Abstract
This study examines the association between the political corruption of a local government and the readability of firms’ annual reports. Based on a sample of 12,742 firm-year observations during the 2006–2014 period, the study reveals that firms located in more corrupt regions tend to disclose less readable financial reports. Our additional analyses reveal that the level of annual report readability is lower for firms located in more corrupt regions, regardless of the firms’ level of return on assets. We also find that firms located in more corrupt regions and having more able managers are more likely to obfuscate information in annual reports. The results imply firms’ effort to minimise rent extraction from corrupt government officials. A further test shows that firms in more corrupt regions are more likely to report less readable Management Discussion and Analysis (MD&A) section of annual reports. This paper extends the prior literature on annual report readability and political corruption. The paper also provides additional evidence to the mixed results on the management's obfuscation behaviour related to the readability of financial disclosures. The findings may be of interest to regulators seeking out factors influencing firms’ readability of annual reports.
Disclosure statement
No potential conflict of interest was reported by the author(s).
Notes
1 Glaeser and Saks (Citation2006) stated that more than 10,000 governmental officials involved in such corruption convictions as a conflict of interest, fraud, campaign-finance violations, and obstruction of justice during the 1990–2002 period.
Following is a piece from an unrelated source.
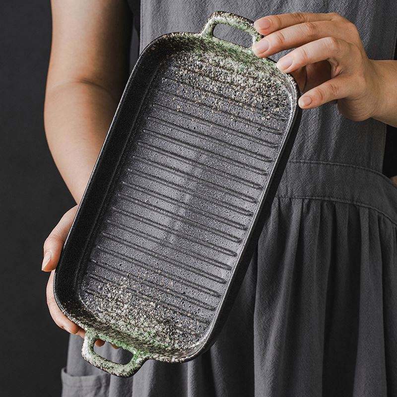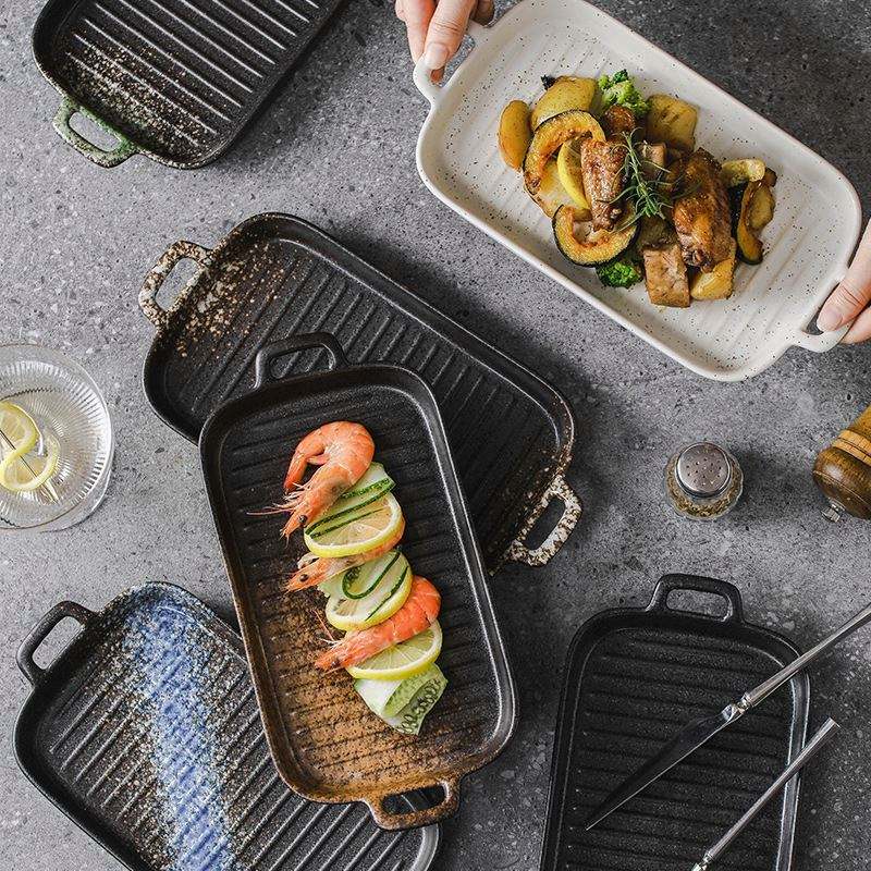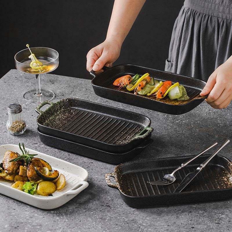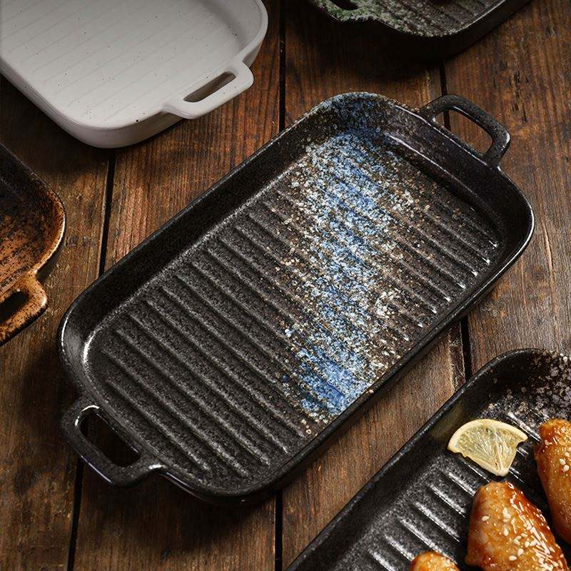 Long Rectangular Striped Casserole Baking Tray Non-Stick Double-Handled Rectangular Baking Tray Pizza Ceramic Plate

2 We follow the same method used by Smith (Citation2016) to match a firm headquartered in a non-corrupt region to a firm headquartered in a corrupt region. That is, we convert ZIP code fields from Compustat and SEC filing to their respective Federal Information Processing Standard codes and then manually match each of these codes to a federal judicial district. All convictions are matched to the contemporaneous financial data.
3 We start our sample from 2006 because our control variables at the state level and county level are not fully disclosed by the US Census Bureau until the year 2006.
4 65.3% of the sample firms in Lo et al. (Citation2017) are incorporated in Delaware. Therefore, the mean of DLW in our sample is consistent and comparable to prior literature.
5 Prior literature suggests that propensity score matching avoids the model specification problems in Heckman selections models (e.g. Rosenbaum and Rubin Citation1983, Heckman et al. Citation1997).